Each record below must come back exactly as written; its pictures must not.

Extracted records:
┌──
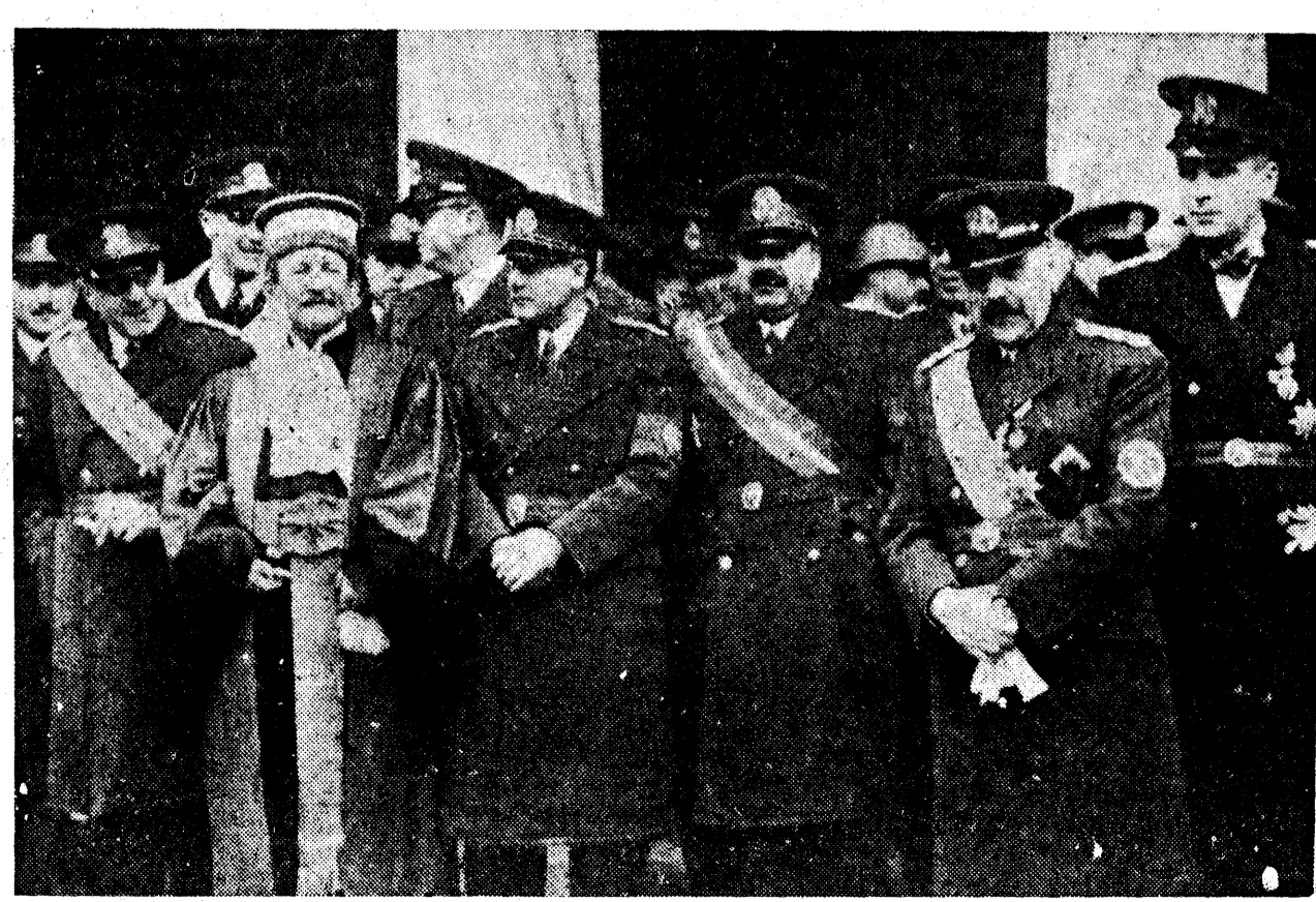
Membrii guvernului după slujba dela Patriarhie
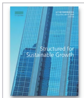
アニュアルレポート2009
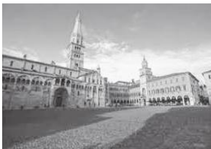
मोदेनाको पिआज्जा (स्क्वायर) ग्रान्दे
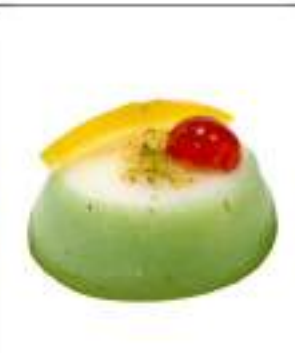
CASSATELLE MIGNON PISTACCHIO 12 PZ 120G
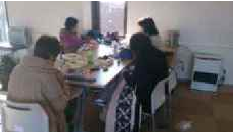
お茶やお菓子を持ち込みながら趣味の手芸
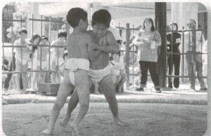
わんぱく相撲大会
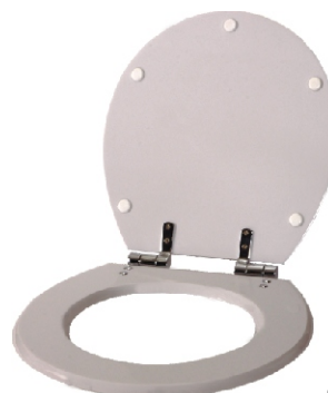
ASSENTO DE FECHAMENTO LENTO

Todas as cores e modelos do mercado nacional.
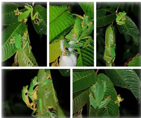
一等奖：黑蹼树蛙繁殖

由中科院成都生物所团委与中科院成都生物所两栖爬行动物标本馆联合主办，两栖爬行动物保护协会承办的“第二届两栖爬行动物摄影大赛”圆满落下帷幕。
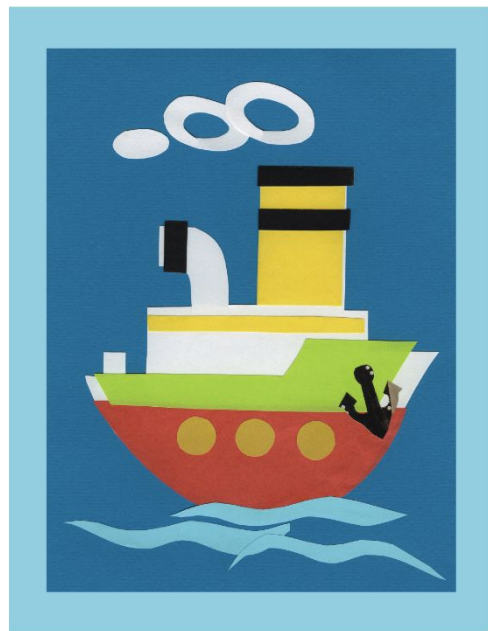
Кораблик «С усложнением» описание на стр. 40
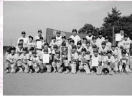
▲Aクラス優勝 伊奈ニュースターズ
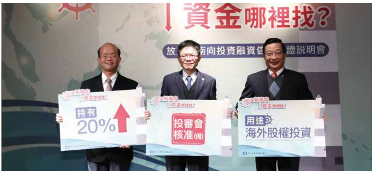
臺灣中小企業銀行黃董事長（左）、兆豐銀行張董事長（右）及本基金蔡董事長（中）出席「放寬新南向投資融資信用保證說明會」
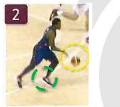
Dribble (ballon lâché) avant pose de l'appui n° 2
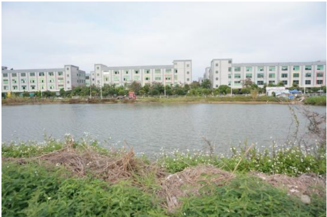
图 10 地块内北部现状（南-北）
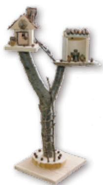
→テーマ部門 『ピノキオのかぞくのいえ』
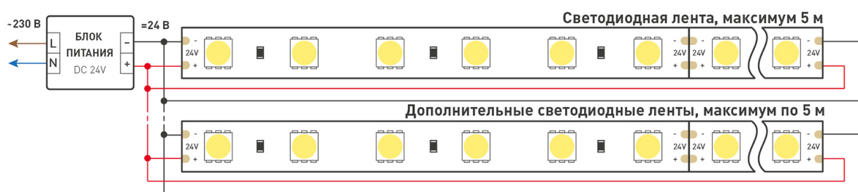
Схема 2. Подключение нескольких светодиодных лент с двух сторон.

Рекомендуется использовать для обеспечения равномерного свечения ленты по всей длине.
└──
Response area:
Membrii guvernului după slujba dela Patriarhie
アニュアルレポート2009
मोदेनाको पिआज्जा (स्क्वायर) ग्रान्दे
CASSATELLE MIGNON PISTACCHIO 12 PZ 120G
お茶やお菓子を持ち込みながら趣味の手芸
わんぱく相撲大会
ASSENTO DE FECHAMENTO LENTO

Todas as cores e modelos do mercado nacional.
一等奖：黑蹼树蛙繁殖

由中科院成都生物所团委与中科院成都生物所两栖爬行动物标本馆联合主办，两栖爬行动物保护协会承办的“第二届两栖爬行动物摄影大赛”圆满落下帷幕。
Кораблик «С усложнением» описание на стр. 40
▲Aクラス優勝 伊奈ニュースターズ
臺灣中小企業銀行黃董事長（左）、兆豐銀行張董事長（右）及本基金蔡董事長（中）出席「放寬新南向投資融資信用保證說明會」
Dribble (ballon lâché) avant pose de l'appui n° 2
图 10 地块内北部现状（南-北）
→テーマ部門 『ピノキオのかぞくのいえ』
Схема 2. Подключение нескольких светодиодных лент с двух сторон.

Рекомендуется использовать для обеспечения равномерного свечения ленты по всей длине.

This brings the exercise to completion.